Pregnancy identification method as a source of bias in studies of prenatal exposures using real-world data.
Chase D Latour, Jessie K Edwards, Michele Jonsson Funk, Elizabeth A Suarez, Kim Boggess, Mollie E Wood
Abstract
Open AccessResearchers typically identify pregnancies in healthcare data based on observed outcomes. This approach misses pregnancies that received prenatal care but whose outcomes were not recorded, potentially inducing selection bias in prenatal effect estimates. Alternatively, prenatal encounters can be used to identify pregnancies with unobserved outcomes, but this requires addressing loss to follow-up (LTFU). We simulated 10,000,000 pregnancies and estimated the total effect of treatment on preeclampsia. Across 36 scenarios, we varied the treatment effect on miscarriage and/or preeclampsia; percent LTFU (5% or 20%); and cause of LTFU: (1) measured covariates, (2) unobserved miscarriage, and (3) both. We created analytic samples to address LTFU-observed deliveries, observed deliveries and miscarriages, and all pregnancies-and estimated treatment effects using non-parametric direct standardization.
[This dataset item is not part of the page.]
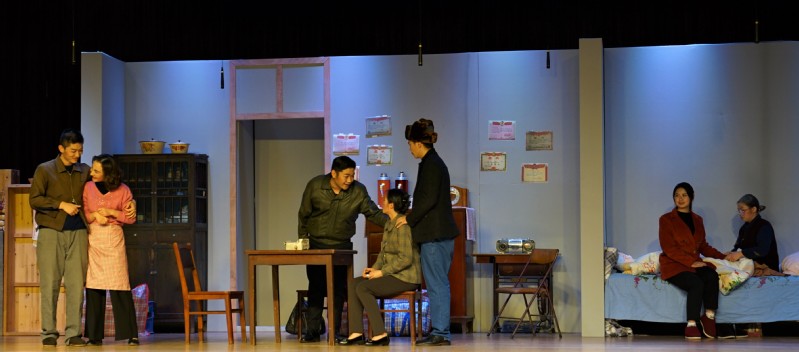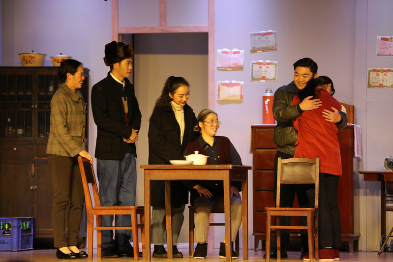 表演專業(yè)副主任宋藝?yán)蠋煋?dān)任該劇導(dǎo)演,通過仔細(xì)研究劇本和指導(dǎo)學(xué)生教學(xué)實(shí)踐,她對(duì)劇本也有了新的認(rèn)識(shí),在舞臺(tái)上對(duì)故事進(jìn)行了新的詮釋,形成了具有特色的震旦版《大哥》。16級(jí)的學(xué)生均出生在上世紀(jì)90年代后期,要他們?nèi)パ堇[出生之前的故事,理解當(dāng)時(shí)人的行為與思想,并不是件簡單的事。宋藝?yán)蠋熢谂啪氝^程中,通過各種方法把學(xué)生帶入當(dāng)時(shí)的情境,一一為他們解釋劇中人的行動(dòng)線索、心理邏輯、時(shí)代背景,慢慢讓學(xué)生們“入了戲”、“動(dòng)了情”。

Risk differences (RDs) and risk ratios (RRs) from the samples were similarly biased when LTFU was due to miscarriage (log-transformed RR bias: -0.12-0.33 among observed deliveries; -0.11-0.32 among observed deliveries and miscarriages; and -0.11-0.32 among all pregnancies). When predictors of LTFU were measured, only estimates among all pregnancies were unbiased (-0.27-0.33; -0.29-0.03; and -0.02-0.01, respectively). While including all pregnancies does not prevent bias, it quantifies the extent of selection, enabling direct assessment of its potential impact on findings.